2 Transarterial Chemoembolization
Transarterial chemoembolization (TACE) is an interventional radiology procedure consisting of the concomitant administration, via a transarterial route, of embolic material and anti-cancer drugs into the liver [1].
The indications for TACE in HCC encompass, according to the Barcelona Clinic Liver Cancer (BCLC) group, patients with intermediate stage (BCLC stage B) with a class of recommendation IA [2] and, more recently, with very early and early stage (BCLC stage 0 and A) with a class of recommendation of IB [2].
2.1 Technical Variations
From a technical point of view, the TACE technique presents several variations according to embolic material and drugs.
Concerning embolic material, it is possible to distinguish conventional TACE (c-TACE), drug-eluting microsphere TACE (DEM-TACE) and degradable starch microsphere TACE (DSM-TACE).
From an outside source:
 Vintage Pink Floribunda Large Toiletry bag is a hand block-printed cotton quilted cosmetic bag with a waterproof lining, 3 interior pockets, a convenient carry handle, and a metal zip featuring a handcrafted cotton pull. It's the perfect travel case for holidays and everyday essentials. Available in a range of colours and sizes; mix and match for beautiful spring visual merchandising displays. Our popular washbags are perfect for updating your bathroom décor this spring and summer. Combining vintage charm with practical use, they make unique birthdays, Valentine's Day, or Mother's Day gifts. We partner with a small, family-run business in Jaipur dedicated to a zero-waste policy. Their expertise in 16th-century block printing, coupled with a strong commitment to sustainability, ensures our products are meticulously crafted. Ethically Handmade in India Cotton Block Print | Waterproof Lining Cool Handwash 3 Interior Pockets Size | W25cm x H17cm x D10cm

c-TACE uses ethyl ester of iodized fatty acids of poppy seed oil (Lipiodol, Guerbet, France) as embolic material, mixed with anticancer drugs [1]. This emulsion is injected selectively into the arterial feeder of the HCC followed by a gelfoam solution for ensuring complete embolization [1]. c-TACE has the most consistent body of evidence regarding clinical results. Two randomized controlled trials (RCTs) showed that the c-TACE group had a relative risk of death ranging from 0.47 (95% CI 0.25–0.91) to 0.49 (95% CI 0.29–0.81) with a better overall survival compared with the control group [3, 4].
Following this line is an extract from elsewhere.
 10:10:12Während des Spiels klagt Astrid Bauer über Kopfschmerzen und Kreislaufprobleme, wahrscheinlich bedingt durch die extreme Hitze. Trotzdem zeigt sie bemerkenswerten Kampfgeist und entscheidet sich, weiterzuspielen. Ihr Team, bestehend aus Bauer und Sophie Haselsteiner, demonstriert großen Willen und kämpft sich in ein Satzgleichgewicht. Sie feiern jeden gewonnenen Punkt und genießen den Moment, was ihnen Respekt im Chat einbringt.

DEM-TACE uses microspheres as delivery and embolic material [1]. These microspheres allow slow release of the anti-cancer drugs used. The linkage between the beads and the drugs is based on ionic interaction. There are several different types of bead based on size and intrinsic opacity. The guidelines recommend a standard size of 100–300 μm. Two RCTs tried to demonstrate the superiority of DEM-TACE vs. c-TACE with poor results [5, 6]. In particular, the authors found no oncological benefit, but a better safety profile and drug-eluting toxicity. However, this evidence dates back to the early 2010s. More recently, Yang et al. [7], in a systematic review in 2020, showed a better 2-year overall survival of DEM-TACE vs. c-TACE (relative risk 0.89; 95% CI 0.81–0.99; p = 0.046).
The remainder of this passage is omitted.